Data Science Center and Graduate School of Science and Technology , Nara Institute of Science and Technology , 8916-5 Takayama-cho , Ikoma , Nara 630-0192 , Japan.
Department of Chemical System Engineering, School of Engineering , The University of Tokyo , 7-3-1 Hongo , Bunkyo-ku , Tokyo 113-8656 , Japan.
J Chem Inf Model. 2019 Mar 25;59(3):993-1004. doi: 10.1021/acs.jcim.8b00661. Epub 2018 Dec 12.
Activity landscapes (ALs) integrate structural and potency data of active compounds and provide graphical access to structure-activity relationships (SARs) contained in compound data sets.

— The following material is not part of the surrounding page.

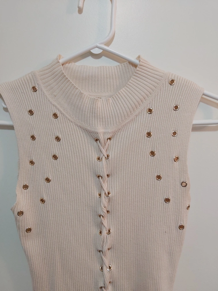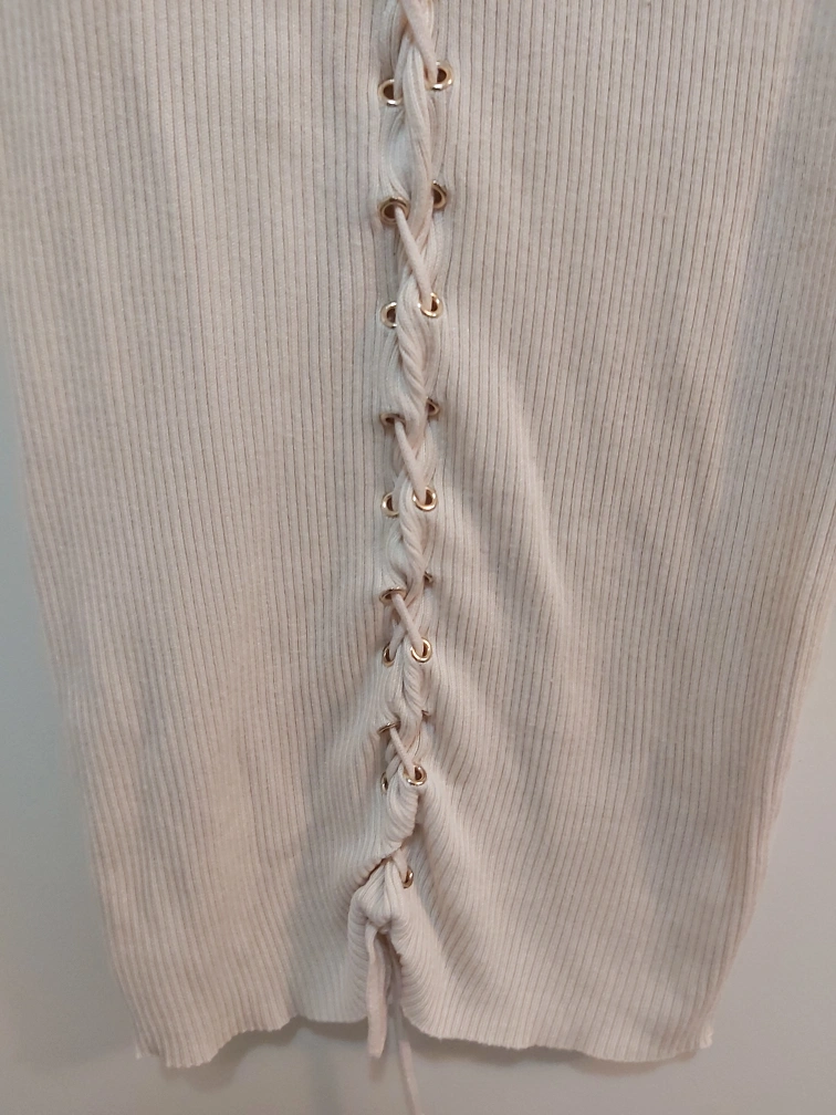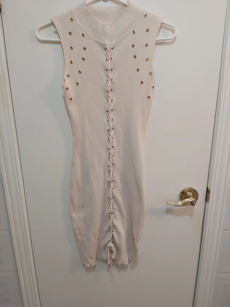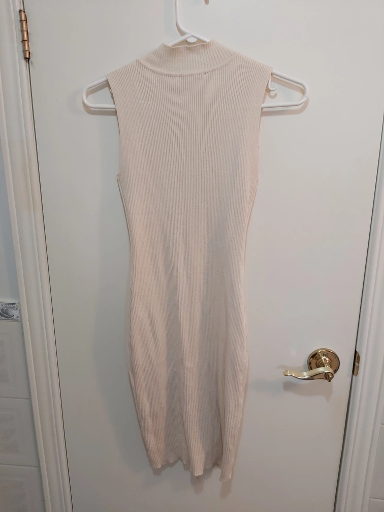 Type: Ribbed bodycon sleeveless dress; little cut outs/ "holes"; scrunches all along the middle and bottom

Three-dimensional (3D) ALs can be conceptualized as a two-dimensional (2D) projection of chemical space with an interpolated activity surface added as a third dimension. Such 3D ALs are particularly intuitive for SAR visualization. In this work, 3D ALs were generated on the basis of different projection methods and fingerprint descriptors, and their topologies were compared. Moreover, going beyond qualitative analysis, the use of 3D ALs for semiquantitative and quantitative potency predictions was investigated. NeuroScale, a neural network variant of multidimensional scaling, combined with Gaussian process regression (GPR) was identified as a preferred approach for generating 3D ALs that accounted for training compounds and their SAR characteristics with high accuracy. On the other hand, GPR-induced overfitting generally limited the accuracy of potency value predictions regardless of the projection method applied. However, 3D ALs enabled reliable mapping of test compounds with varying potency levels to corresponding AL regions. The most accurate mapping was achieved with NeuroScale models. Taken together, the results of our analysis indicate the high potential of 3D ALs for graphical SAR exploration and the identification of potent test compounds.
活动景观 (AL) 整合了活性化合物的结构和效力数据,并提供了对化合物数据集中包含的结构-活性关系 (SAR) 的图形访问。三维 (3D) AL 可以被概念化为化学空间的二维 (2D) 投影,其中添加了一个插值活性表面作为第三个维度。这种 3D AL 对于 SAR 可视化特别直观。在这项工作中,基于不同的投影方法和指纹描述符生成了 3D AL,并对它们的拓扑结构进行了比较。此外,超越定性分析,还研究了 3D AL 在半定量和定量效力预测中的应用。神经尺度(NeuroScale)是多维尺度(multidimensional scaling)的神经网络变体,与高斯过程回归(Gaussian process regression,GPR)相结合,被确定为生成 3D AL 的首选方法,该方法可以高精度地解释训练化合物及其 SAR 特征。另一方面,无论应用何种投影方法,GPR 引起的过拟合通常会限制效力值预测的准确性。然而,3D AL 能够可靠地将具有不同效力水平的测试化合物映射到相应的 AL 区域。NeuroScale 模型实现了最准确的映射。总的来说,我们的分析结果表明,3D AL 具有很高的潜力,可以用于图形化 SAR 探索和识别有效测试化合物。